In a sense, Schulweis was implicitly responding to Orthodox and some other Conservative rabbis, who have criticized his conversionary outreach. He put his basic motivation in everyday terms.

“When you see a great play or read a great book, you want to tell your friends about it,” he said. “I feel the same excitement about the grandeur of Judaism.”

The hesitation of many would-be converts that they would not be accepted by Jews was confirmed by conversations with a number of non-Jews before and after the rabbi’s talk.

“I always perceived Jews as a closed group,” said Kathy Burns, a law enforcement officer. “I was raised as a Catholic, then became a born-again Christian,” she said. “I have a lot of unresolved questions about religion and I am encouraged that Judaism asks questions.”

Barbara Mack, also raised as a Catholic, agreed that she was always told that Jews did not accept outsiders. “It’s a good feeling to be welcomed,” she said after listening to Schulweis. “Judaism seems to be much more open-minded than I thought.”

Robin Carlson grew up in “a sheltered religion” as a Mormon in a small town without Jews, but developed an interest in other religions. She said she liked Schulweis’ emphasis on individual responsibility but felt he had not “covered a whole lot.” She promised to be back for the remaining talks.

In planning the four-lecture series, Valley Beth Shalom had done its homework.
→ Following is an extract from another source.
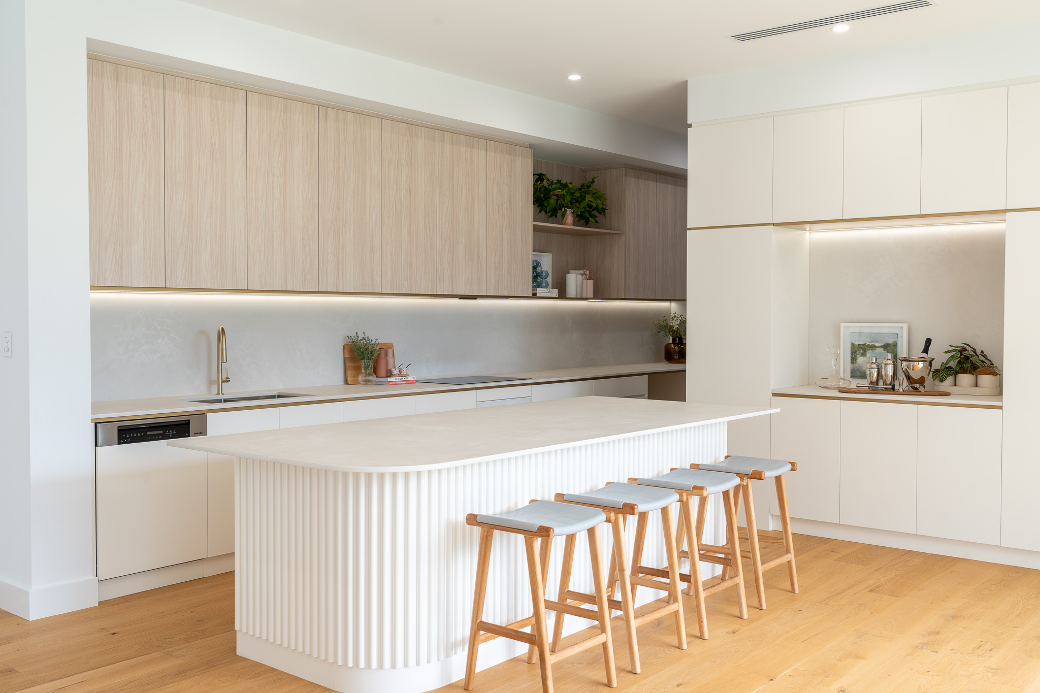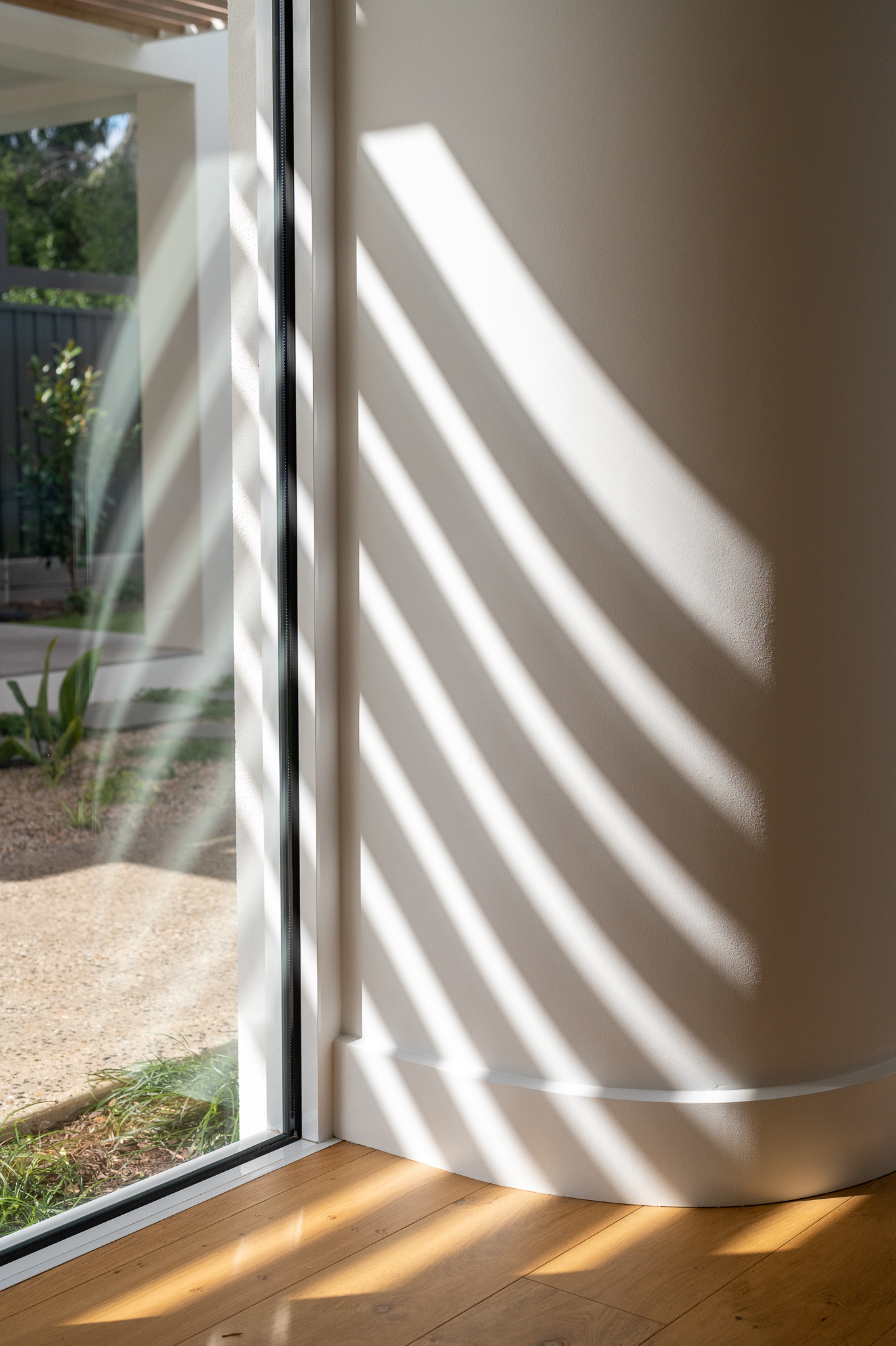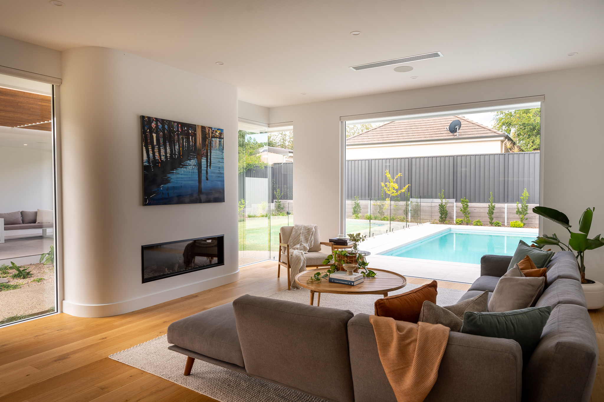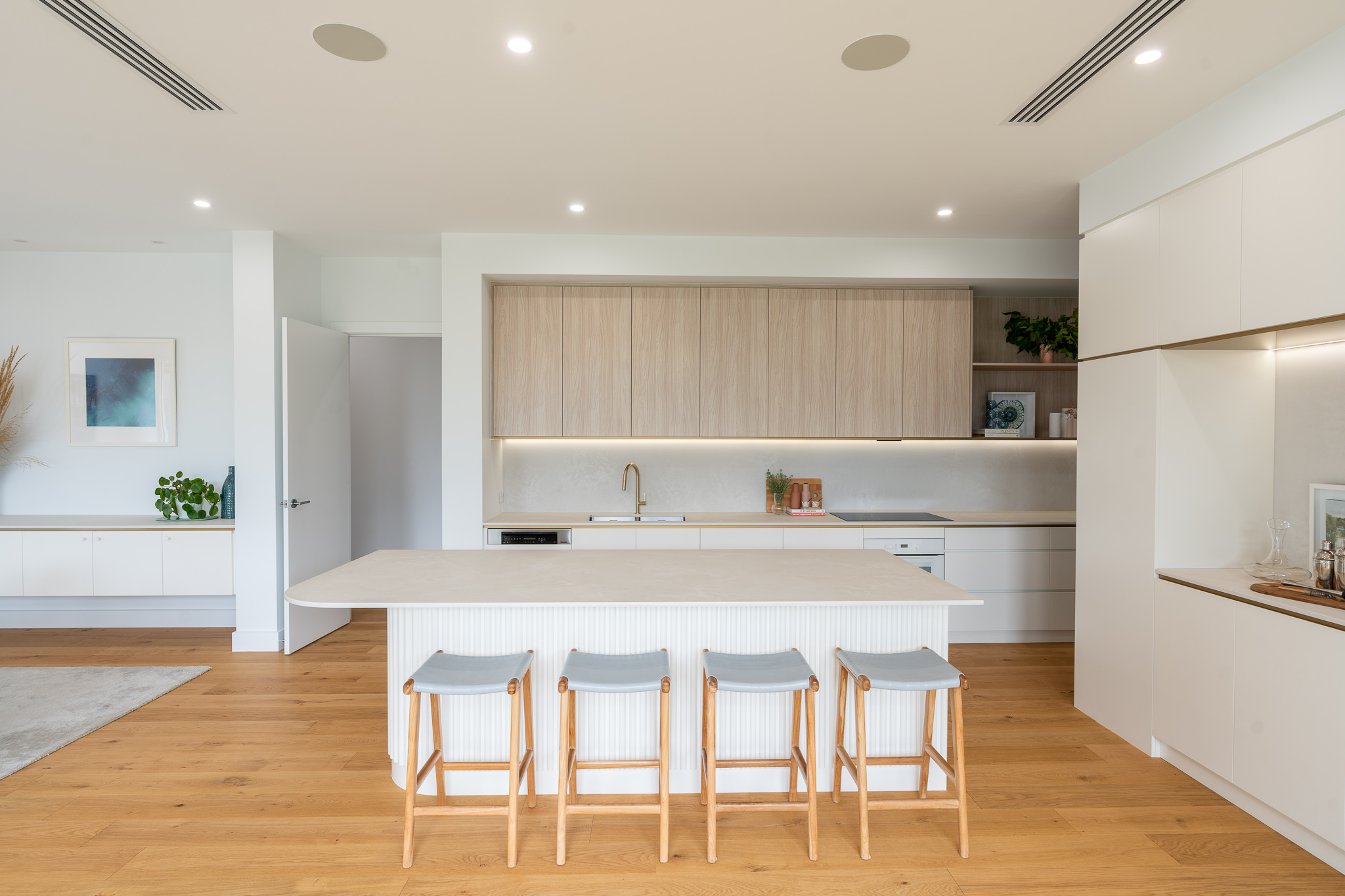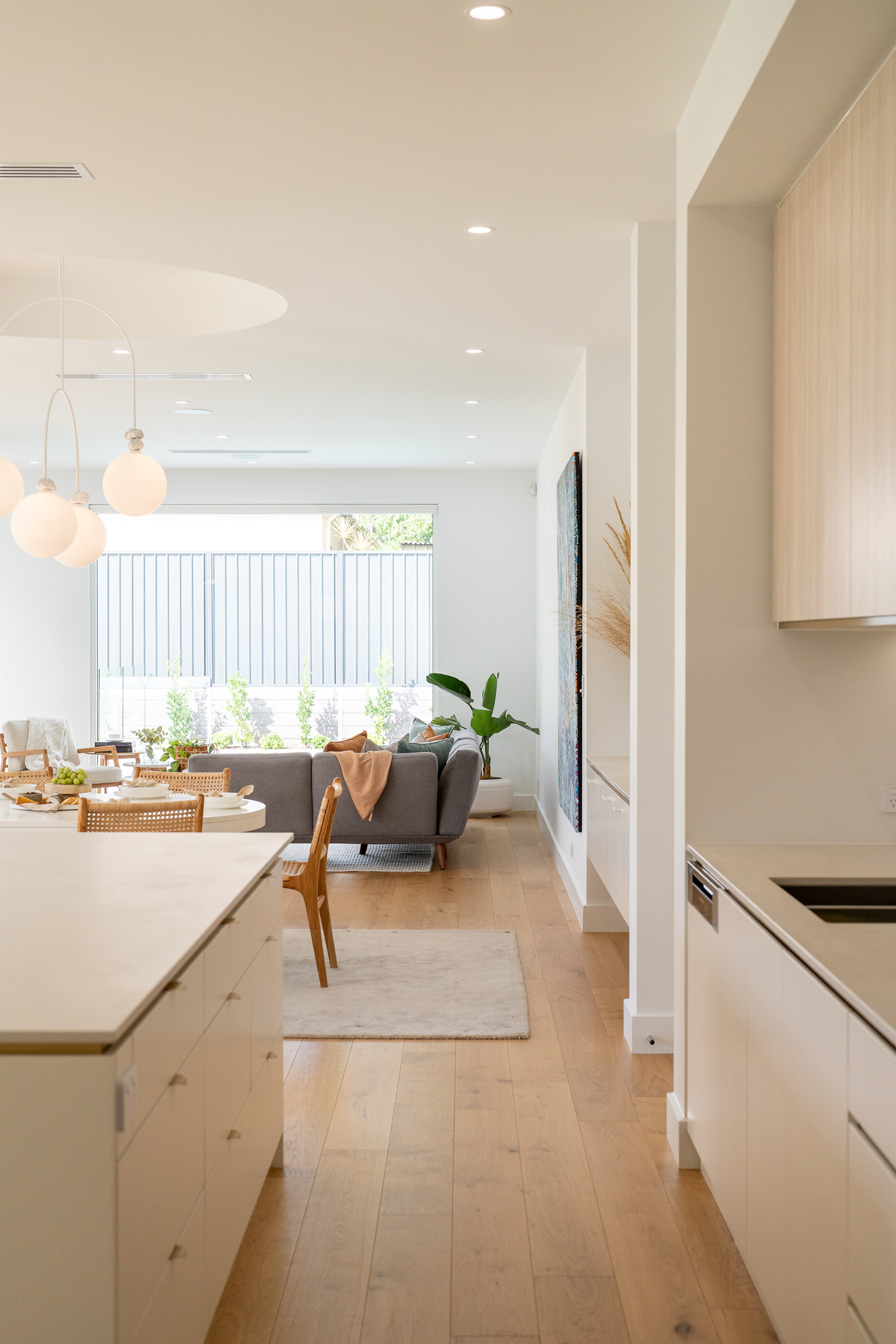 At first glance it may seem that the selection of materials and finishes here was a straight forward one. Quite the opposite as we found ourselves head down in the detail with our clients, determining how to pull together such a minimal colour and material palette that felt just right for both the exterior and interior of the home. The inclusion of curves to both the build and joinery elevate the overall feel of the home. Add in the client’s finishing touches including the pendant and large scale artwork to the dining area and it’s magic!

Each attendant was supplied with an extensive reading list on Judaism, as well as a list of some 17 Reform, Conservative and Orthodox rabbis ready to respond to personal questions.

“I am not trying to win converts to Conservative Judaism only,” said Schulweis in a conversation. “If they connect with Chabad, that’s great.”

Pointing to the large number of electronic messages he had received about conversion, Schulweis said he was bemused by the perceptions of some of his Internet interlocutors.

“They frequently ask why the Jews didn’t accept Jesus, and many seem to have the notion that first came Jesus, and then came the Jews and rejected him,” Schulweis said.